### TASK INSTRUCTIONS
For this exercise, repeat exactly the lines below starting at the line holding "Все продукты обязательно" and ending at the line holding "2021版最新哈爾濱企業黃頁", both included, with no extra lines and no pictures.

### THE RECORDS

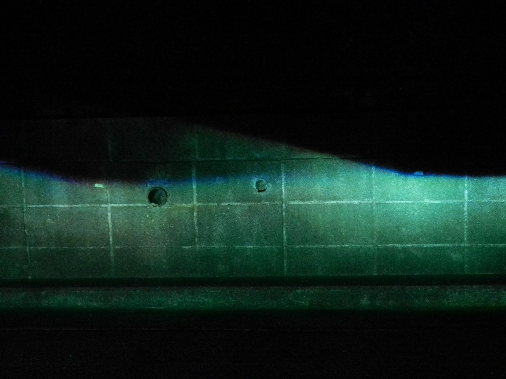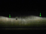 ロービームの光軸を確認する。 ずれている場合、ヘッドライト裏上部にある L←→R 、U←→D の六角ネジを回し調整する。 ちなみに、この U←→D のネジ、取り付けた状態では がアクセスできないため、再度ライトを取り外し調整、取り付けといった手順となる。 |
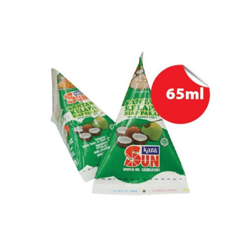 Kara Sun Santan TCA 65ML merupakan santan kelapa siap pakai yang terbuat dari air kelapa yang dikukur. Santan Kara Sun diolah dan dikemas secara modern dan higienis menggunakan sterilisasi tinggi (UHT) sehingga kesegaran dan keaslian santan terjaga dengan baik, serta membuatnya tahan disimpan dalam waktu lama di dalam kulkas. Mengandung lemak nabati kurang lebih 25%, juga dibuat tanpa pengawet sehingga aman digunakan.
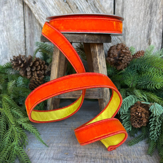 1" Orange Yellow Velvet RIbbon, Farrisilk Ribbon, Wired Ribbon
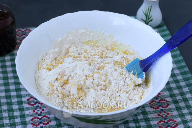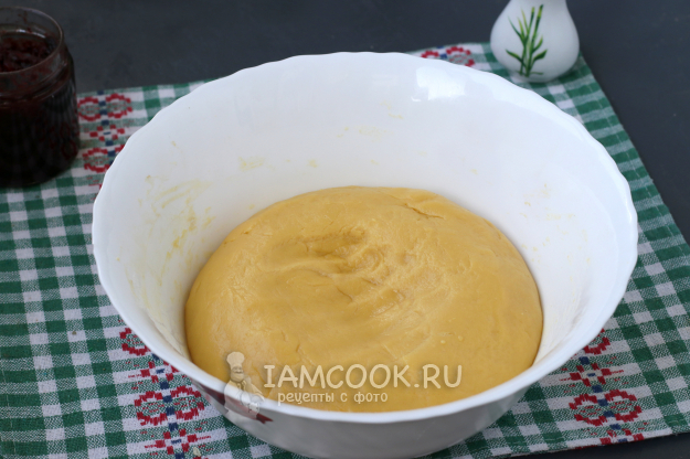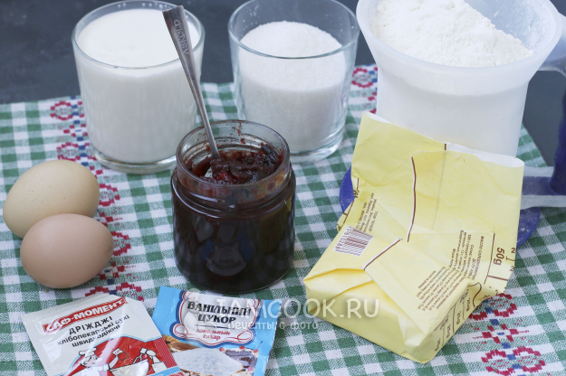 Все продукты обязательно должны быть комнатной температуры. То, что хранится в холодильнике (яйца, масло), нужно достать заранее. Джем обязательно нужен густой, чтобы можно было легко склеить тесто.
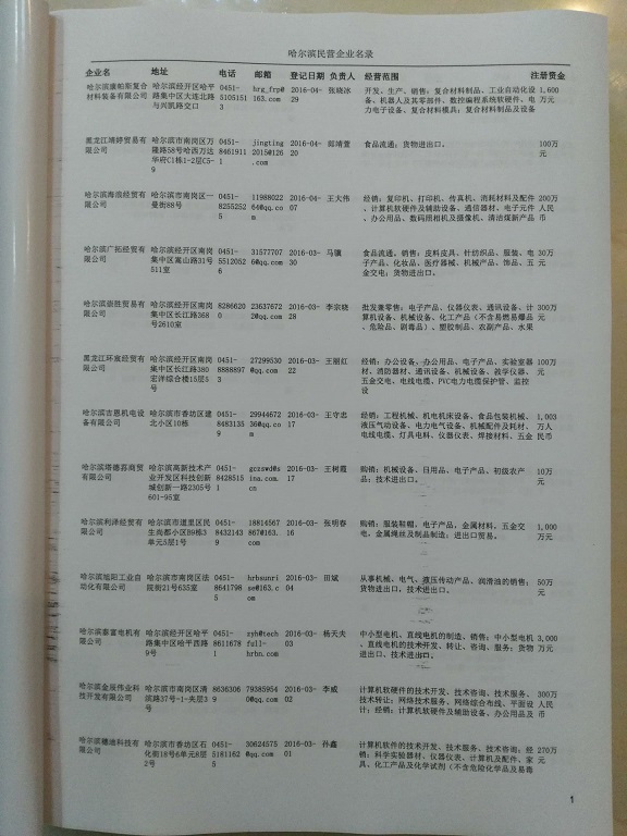 2021版最新哈爾濱企業黃頁包括《哈爾濱制造企業黃頁》、《哈爾濱民營企業黃頁》,現優惠價:280元/冊。每冊內容包括:單位名稱、地址、郵編、電話、傳真、郵箱、經營范圍等;哈爾濱企業黃頁涵蓋了近幾年來最新成立的、有一定規模的企業,具有非常高的營銷價值。有了這套黃頁開展業務也有了針對性,也省去了盲目去尋找客戶名單而浪費的時間了,工作效率也會有很大的提高。歡迎需要哈爾濱企業黃頁的朋友及時聯系我們!
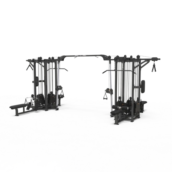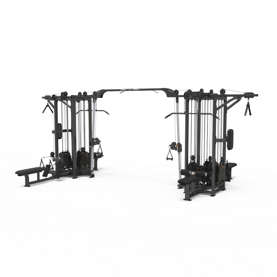 Jungle Machine 9 Stack är en komplett kabelstation för allt från kontorsgym till hotell, rehab och krävande kommersiella gym. Separata viktmagasin låter flera träna samtidigt och håller tempot uppe även under rusningstid. Svarvade remskivor, stora lager och halksäkra fötter ger jämn rörelse, stabilitet och skyddar golvet. Dynor med flerskiktsskum stöter bort svett och motverkar bakterier, så att komforten består pass efter pass.
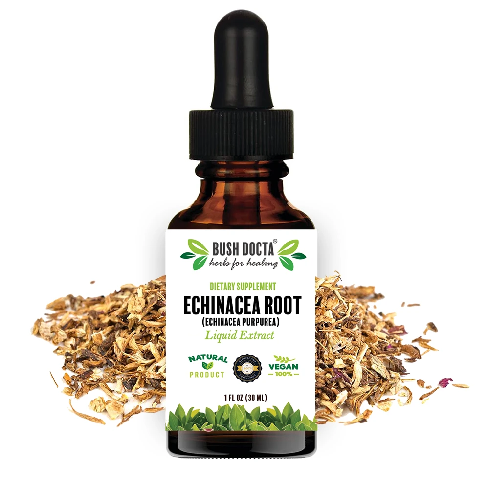 Our Bush Docta Echinacea Liquid Extract is derived from high-quality echinacea, celebrated for its immune-supporting benefits. Traditionally used to bolster the immune system, echinacea helps fight off infections and reduce the duration of colds and flu. It also possesses anti-inflammatory properties, aiding in the reduction of inflammation and promoting overall health. This convenient liquid extract is easy to incorporate into your daily routine by adding it to water, juice, or your favorite beverage. Perfect for anyone looking to naturally strengthen their immune defenses and support overall wellness. (1 oz | 112 g)
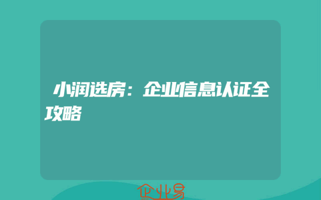 - 小润选房:企业信息认证全攻略一、了解企业信息认证的重要性在企业服务行业中,信息认证是一个不可或缺的重要环节。对于购房者而言,选择一个信誉良好、信息透明的企业进行合作至关重要。企业信息认证不仅能够保障消费者的权益,还能够提升企业的公信力和市场
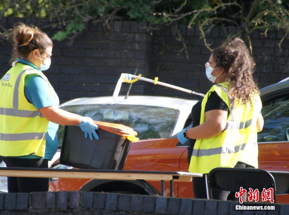 当地时间9月23日,英国新增新冠确诊数高达6178例,创下了5月1日以来的新高,累计确诊病例数达409729例。图为伦敦核酸检测人员用长杆夹将受检者的生物样本放入收纳箱。 中新社发 高天胤 摄
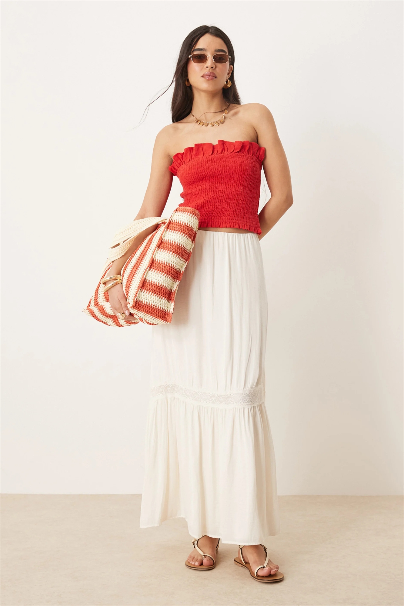 Многослойная юбка макси с кружевной вставкой

######

### ANSWER AREA
 Все продукты обязательно должны быть комнатной температуры. То, что хранится в холодильнике (яйца, масло), нужно достать заранее. Джем обязательно нужен густой, чтобы можно было легко склеить тесто.
 2021版最新哈爾濱企業黃頁包括《哈爾濱制造企業黃頁》、《哈爾濱民營企業黃頁》,現優惠價:280元/冊。每冊內容包括:單位名稱、地址、郵編、電話、傳真、郵箱、經營范圍等;哈爾濱企業黃頁涵蓋了近幾年來最新成立的、有一定規模的企業,具有非常高的營銷價值。有了這套黃頁開展業務也有了針對性,也省去了盲目去尋找客戶名單而浪費的時間了,工作效率也會有很大的提高。歡迎需要哈爾濱企業黃頁的朋友及時聯系我們!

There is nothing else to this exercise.